Human-in-the-loop: the 21st Century Cures Act §3060, as code
Under Section 3060 of the Cures Act (21 USC §360j(o)), Clinical Decision Support software can avoid Software-as-a-Medical-Device classification if it meets four criteria. The hardest one — and the one most consequential for AI — is criterion four: the software must enable the clinician to independently review the basis for the recommendations.
Bodh’s human_review agent is that criterion expressed in code.
When HITL=true on an upstream agent, that agent doesn’t address its output directly to the next stage.

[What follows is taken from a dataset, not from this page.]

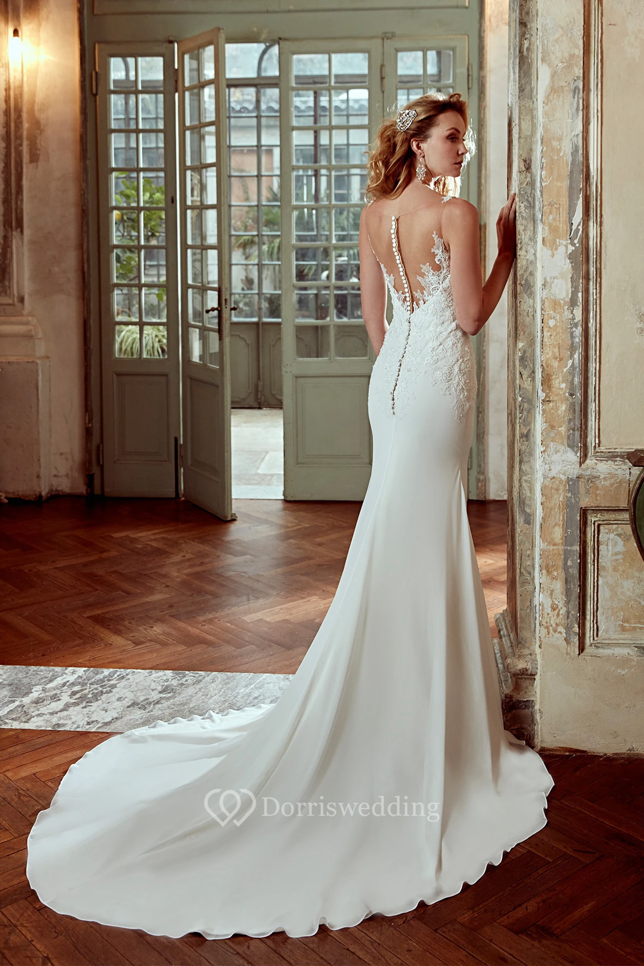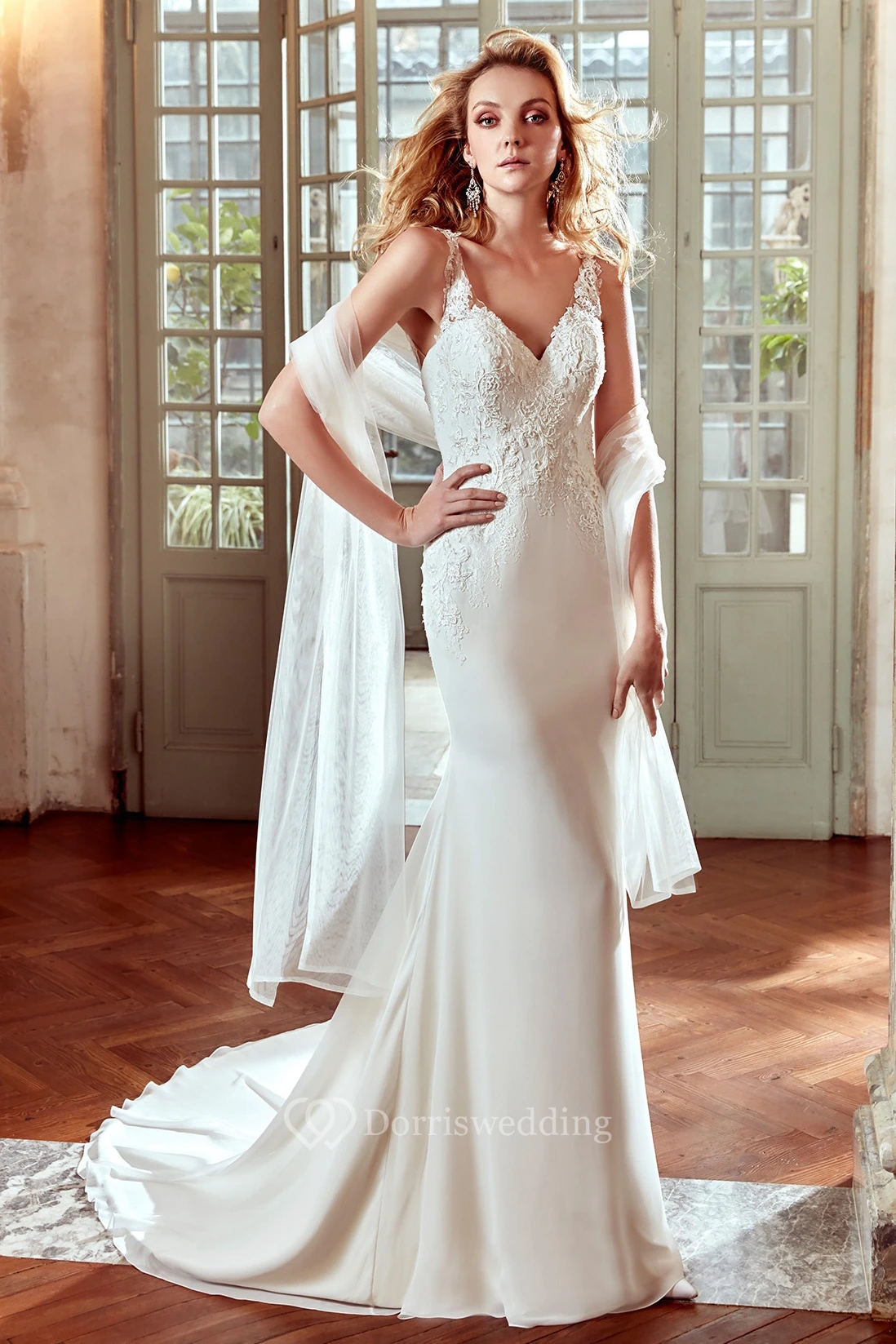 V-Neck Sheath Wedding Dress with Lace Floral Straps and Brush Train

It wraps it in a review envelope and addresses it to human_review:
| Envelope key | Purpose |
|---|---|
hitl_kind |
Review category (diagnosis_review, care_plan_review, etc.) |
hitl_next_to |
Agent to forward to on approval |
hitl_next_type |
Message type used on resume |
hitl_priority |
low / normal / high / urgent |
hitl_subject |
Short label for the queue UI |
hitl_sla_minutes |
Deadline; expired reviews never resume |
The gate records a ReviewRequest, emits nothing, and waits. A clinician decides via POST /reviews/{id}/decide with approve | approve_with_modifications | reject plus an optional rationale. On approve, the original payload is republished to its intended recipient. On reject, it’s logged and dropped — lossless on reject. No half-completed clinical action can leak past the gate.

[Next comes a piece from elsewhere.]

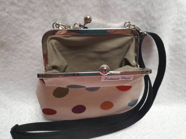 Kukkarolaukku 15cm lukolla ja säädettävällä hihnalla max 150cm. Laukun mitat korkeus 22cm leveys 21cm. Laukkuun mahtuu hyvin puhelin, lompakko, avaimet. Päälinen gobeliini ja vuori puuvilla. Tukena liimahuopa.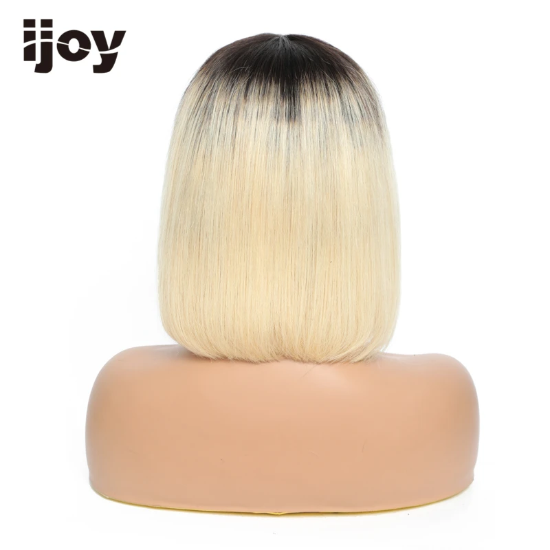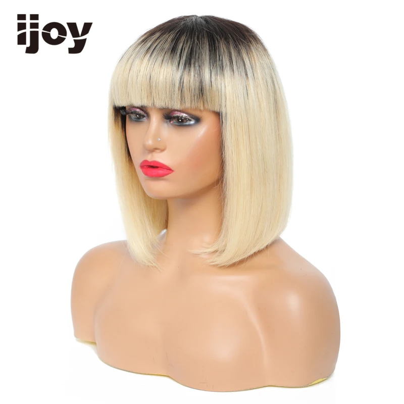 Парик из натуральных волос с челкой, прямой парик Боб, цветной Омбре, 613 блонд, бразильские волосы, полностью машинные парики для женщин, не Реми IJOY

Seven agents are gated when HITL is on:
| Agent | Gated output | Review kind |
|---|---|---|
reasoning_verifier |
Verified diagnosis | diagnosis_review |
cdm_planner |
Care plan | care_plan_review |
tcm_coordinator |
TCM welcome message | tcm_welcome_review |
panel_manager |
Per-gap outreach | outreach_review |
refill_manager |
Refill response | refill_review |
prior_auth |
PA status | prior_auth_review |
readmission_tracker |
Discharge handoff (priority scales with risk band) | discharge_review |
Approvals cascade. A discharge_review approval triggers TCM, which itself emits a tcm_welcome_review. The cmd/caredemo auto-approver drains the queue across rounds to demonstrate this; in production a clinician’s UI shows cascaded reviews as they appear.
The fallback contract for LLM agents
Every LLM-backed agent in Bodh has a deterministic rule-based fallback. If the model times out, returns malformed JSON, exceeds latency budget, or trips a safety check, the case still finalizes.

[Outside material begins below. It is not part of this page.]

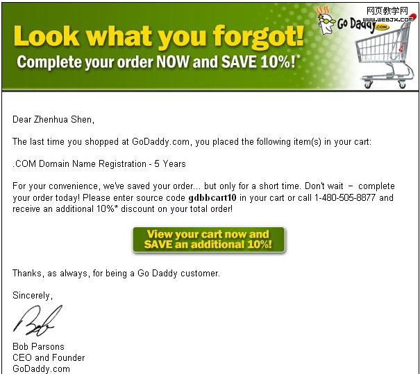 前些天在GO DADDY注册了个账号,试了下它的购买流程,因为测试,到最后付款页面我就关掉了,结果,3天后,邮箱收到它的邮件:

// LLMDiagnostician wraps an llm.Client and a rule-based fallback.
// On any per-call failure, the case still finalises via the fallback.
type LLMDiagnostician struct {
Client llm.Client
Fallback *DiagnosticianAgent
MinConfidence float64 // below this, fall back
}
This isn’t a workaround. It’s the contract. Failure modes degrade — they don’t break. Provider matrix:
| Provider | Chat | Embeddings | Vision | Key env var |
|---|---|---|---|---|
| Anthropic | yes | (via Voyage) | yes (Sonnet, Opus) | ANTHROPIC_API_KEY |
| OpenAI | yes | yes | yes (gpt-4o) |
OPENAI_API_KEY |
| Ollama (local) | yes | yes | yes (llama3.2-vision, bakllava) |
(none) |
| Voyage | — | yes | — | VOYAGE_API_KEY |
Prompt caching is on by default for Anthropic and OpenAI — the diagnostic system prompt is marked cacheable so repeated calls within the TTL pay only for incremental tokens. The [llm-trace] log line reports cached_tokens per call so you can see cache hit rates in production.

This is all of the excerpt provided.